La Costituzione è presbite! L’ultimo ricordo di Alessandro Galante Garrone

Nell’anno che celebra il primo Sessantennio dalla promulgazione della nostra Carta fondamentale, ogni testimonianza appare preziosa, anche quelle che appartengono ad un passato prossimo.

Quindici anni fa ci lasciava Alessandro Galante Garrone, esponente di primo piano della Resistenza e del Partito d’Azione, magistrato antifascista, storico e scrittore, uno che osò criticare apertamente le leggi razziali subito dopo la loro promulgazione. Di queste testimonianze così dirette, purtroppo, il presente ce ne riserva sempre meno, pertanto rimanere saldi ad un certo nostro passato storico di lotta per la democrazia sembra piuttosto opportuno, soprattutto per combattere la deriva culturale che si sta abbattendo sul Paese, sempre meno strisciante.

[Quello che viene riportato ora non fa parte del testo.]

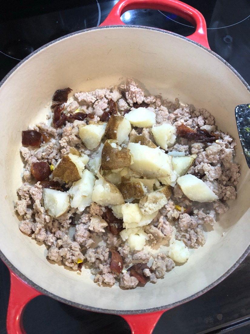 Next I added one of the diced cooked potatoes, and warmed it. I didn’t peel it, but you could.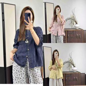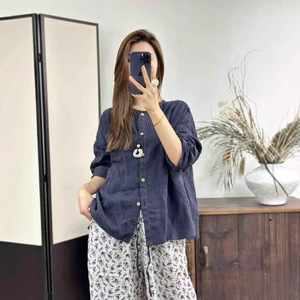 2025 夏韓国語バージョンルーズシンプルなリネンネックライン手縫いラウンドネック日焼け止めシャツカーディガン多用途シャツ女性のための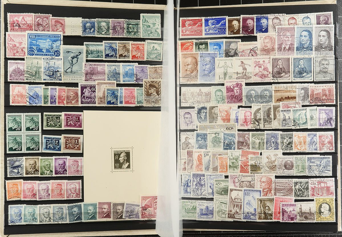 Europe Offering. Meticulously two-part offering, organized in binder and stock. The binder consists of French Andorra 1985 Romanesque Art Mint Sheetlet of 10, Hungary (507 different used and CTO, 1900-1981 including 2 mini-sheets), Poland (531 different, plus duplicated, mostly used and CTO 1919-1986 including a 1945 Red Cross sheetlet), Portugal (primarily) & Colonies (157 different, mint and used), Saar (42 different, mostly sed 1920-1952), San Marino (200 different, mint and used 1877-1983 and Switzerland (225 different, mint and used 1862-1998 including semi-postals. All of the beforementioned is nicely complimented with a stockbook, neatly organized and containing Czechoslovakia and Poland, with 1775 different (Czech is 1096 different, 1918-1992 mostly used including "Back of the Book" / Poland is 679 different, 1919-1976 mostly used). Well organized all-around. Estimate =

Negli ultimi anni di vita Galante Garrone dedicò la sua riflessione alla memoria dei propri maestri e alle battaglie civili per la laicità dello Stato, contro l’antisemitismo e la corruzione e, interpellato sulla Costituzione italiana, nel 1997 scrisse un inedito per il convegno romano promosso in occasione del Cinquantesimo anniversario dell’approvazione del testo costituzionale, mai pubblicato fino ad oggi.

Nel testo si sottolinea l’importanza del rapporto tra l’indagine storica e il testo della Costituzione; un rapporto affascinante, scriveva Galante Garrone, anche per meglio intendere i problemi politici e sociali che vi sono connessi e che ne fanno una “scienza in azione”.

Si legge: “Il compito che sta davanti agli italiani, in quest’ora di solenne rievocazione, non è quello di creare dal nulla una Carta fondamentale nuova di zecca. Le Costituzioni veramente vitali non nascono da escogitazioni a tavolino, ma per lo più da vere e proprie crisi repentine e drammatiche: come rivolgimenti di fondo, una grande guerra perduta, il crollo di un regime, la dissoluzione di uno Stato. Così furono per noi gli eventi del 1943-’45. Oggi in Italia ci pare prevalga nell’opinione di gran parte degli studiosi, politici e cittadini che si prendono cura dell’avvenire della nostra patria, qualcosa di diverso: la volontà di preservare tutto quel che ancora di vitale sussiste nella nostra Costituzione. Il compito essenziale e improrogabile è, semmai, quello di irrobustirla ed ammodernarla, in due parole; non buttarla nel cestino o comportarci come se essa fosse già morta. Mi pare che si imponga la necessità di migliorare, anziché stravolgere o addirittura porre nel nulla la Costituzione di Cinquanta anni fa: questa Costituzione che, pur con tutte le sue pecche può ancora definirsi, come argutamente fu detto tanti anni fa da Calamandrei, una Costituzione “presbite”, perché guarda e vede lontano, nell’avvenire”.